Lurking Giant

Well this is quite interesting. There’s some latest news about the possibility of a giant planet lurking on the outskirts of our solar system. The near mythological “planet X” which astronomers have been hunting for for decades. This latest study come from Konstantin Batygin and Mike Brown, and I must say, their actual work seems a lot more cautious than many of the news headlines being thrown about. But that’s no shock. So let’s break this down, because it’s really quite interesting.

People have been hunting for planets beyond Neptune for a long time. Neptune was officially discovered in 1821, after it was noticed that Uranus had some perturbations in its orbit. The theory was that a previously unknown large planet was tugging on it gravitationally. Neptune was found to be the culprit, validating the hypothesis. But Neptune also has perturbations in its orbit, and so planet hunters continued their toil, eventually confirming the existence of Pluto in 1930. Pluto, however, is too small to have much effect on something the size of Neptune. The hunt continued awhile for the so-called Planet X♠︎ until the idea eventually fell from favour. Turns out, after more closely examining Neptune, it behaves exactly as it’s supposed to. But there are still a few things unaccounted for in the outer solar system.
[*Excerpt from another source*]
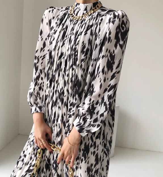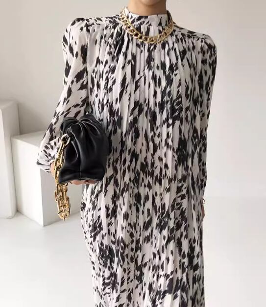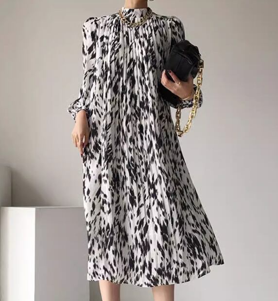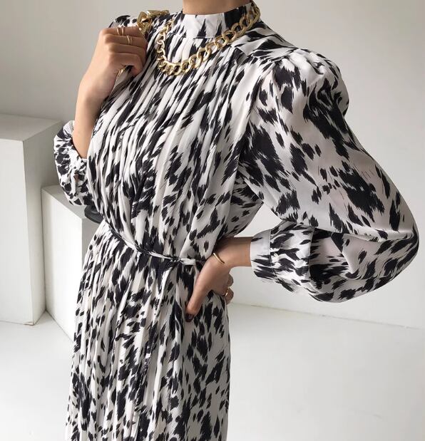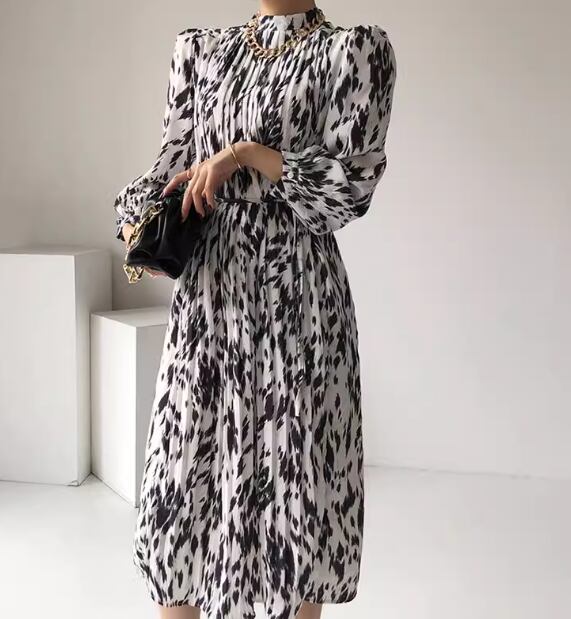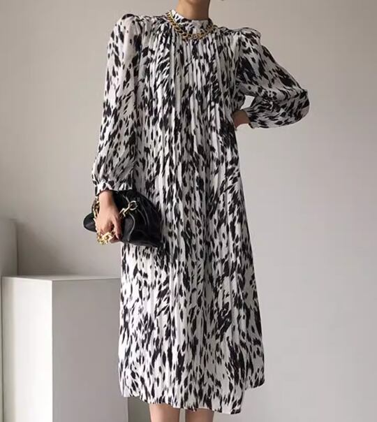 レディース ワンピース ドレス ミモレ 長袖 スタンドカラー プリーツ シフォン ウエストマーク ハイウエスト 異国風 大人可愛い きれいめ 上品 おしゃれ レトロ こなれ感 個性的 エレガント 存在感 ラグジュアリー シック 高級感 華やか プリント 秋 OL デート お出かけ モノトーン 韓国 普段使い フリーサイズ ホワイト 大人デザイン

Sedna‘s ludicrously eccentric orbit, for instance, can only be explained feasibly in 3 ways. It was captured from somewhere outside the solar system, it was yanked into a bizarre orbit by a passing star, or it was flung out that way by a large planet. Even if it’s simply that Sedna’s adopted, there are other unexplained phenomena in the mix.

All alone in the dark

The idea is not new. The wraithworld which was discussed in 2011 met with some staunch opposition, for instance. But Batygin and Brown are actually rather cautious in their paper (which is freely downloadable if you’d like to take a look yourself). They aren’t claiming the existence of any such planet, but simply presenting a hypothesis. Their ideas all seem perfectly sound to me.
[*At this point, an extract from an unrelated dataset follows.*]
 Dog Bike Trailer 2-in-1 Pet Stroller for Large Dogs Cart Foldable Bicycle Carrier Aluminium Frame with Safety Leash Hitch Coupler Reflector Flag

I'm quite fond of eccentric things. Can't imagine why...One of the things which their hypothesis aims to explain is the orbits of several highly eccentric solar system objects. Notably, these objects all have a perihelion (the point at which they’re closest to the Sun) at a very similar distance. This clustering of perihelia is quite unlikely, with only a 0.007% likelihood of having happened by chance. No good scientist likes to explain things away with coincidences. Even if Sedna is adopted, it wouldn’t explain this.
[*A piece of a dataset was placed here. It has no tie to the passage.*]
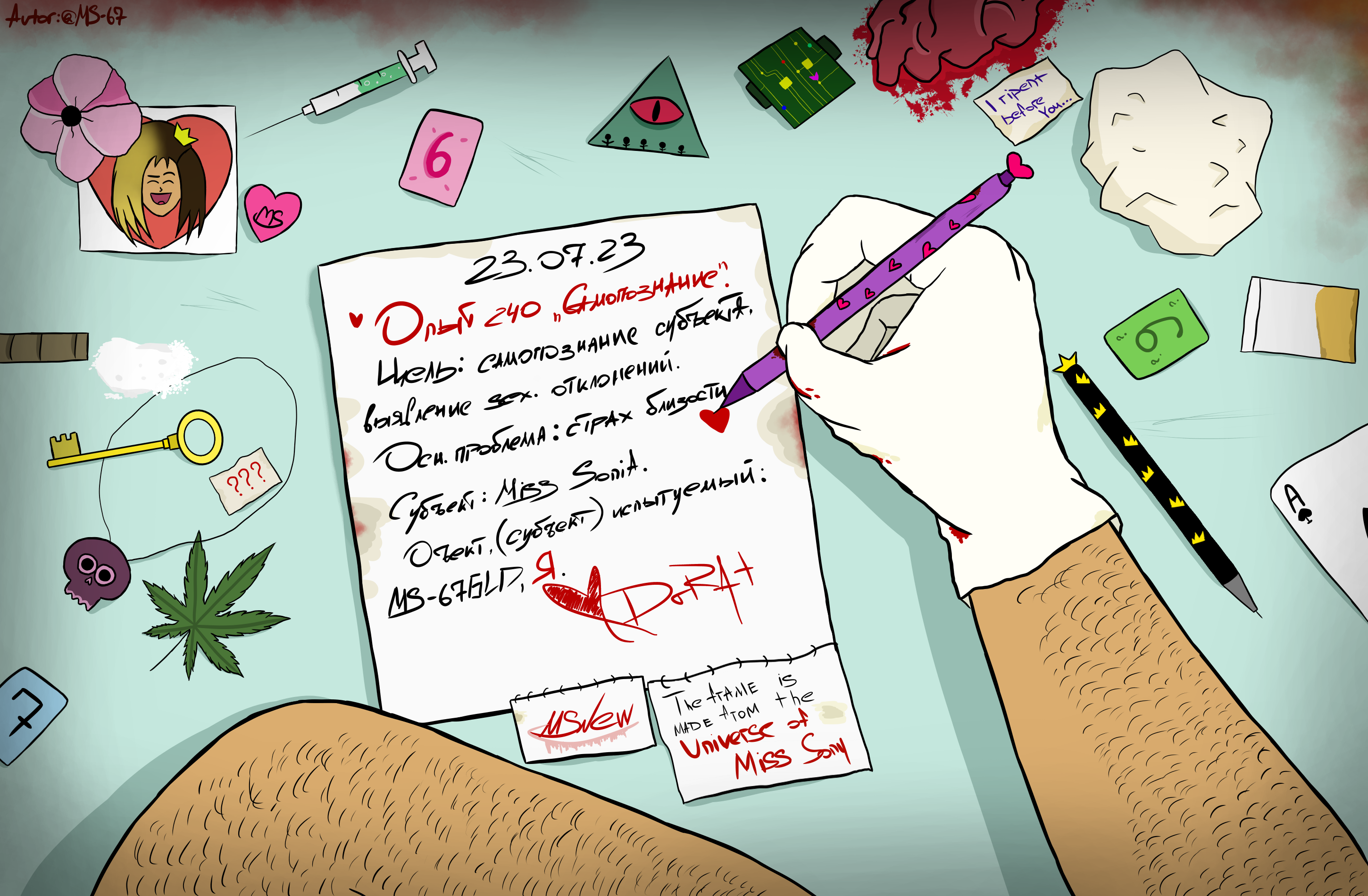 Осмотревшись, Я заметил, что лежу на койке, стоящей посреди комнаты. Слева от меня стояла еще одна койка, на стене над которой висела неоновая желтая вывеска "MS" и были развешаны какие-то рисунки. Видимо, эта койка принадлежала моему параллельному двойнику, обитающему в этом мире. Справа от меня находился стол с радарами, а слева от него была дверь, ведущая, как Я догадался, в некий клуб. Эта лаборатория оказалась невероятно разнообразной — здесь было все: клуб, лаборатория, больница, спортзал, комната с чистым источником, даже выставка с измученными людьми, над которыми, похоже, проводили эксперименты.

Some detailed modelling suggests that this, together with a few other features of Kuiper belt objects, can be explained by the presence of a large planet in a highly eccentric distant orbit. “Large” in this case, means about 10 Earth masses, though a planet as small as 5 Earth masses may suffice. Perhaps our solar system does have a super-Earth planet in it after all. So that’s nice. Overall the hypothesis is consistent with observations, explains a number of different phenomena by only postulating a single entity, and fits with existing knowledge. A rather promising hypothesis then. There’s more info directly available from Mike Brown himself, who will no doubt do a much better job of explaining it than I would.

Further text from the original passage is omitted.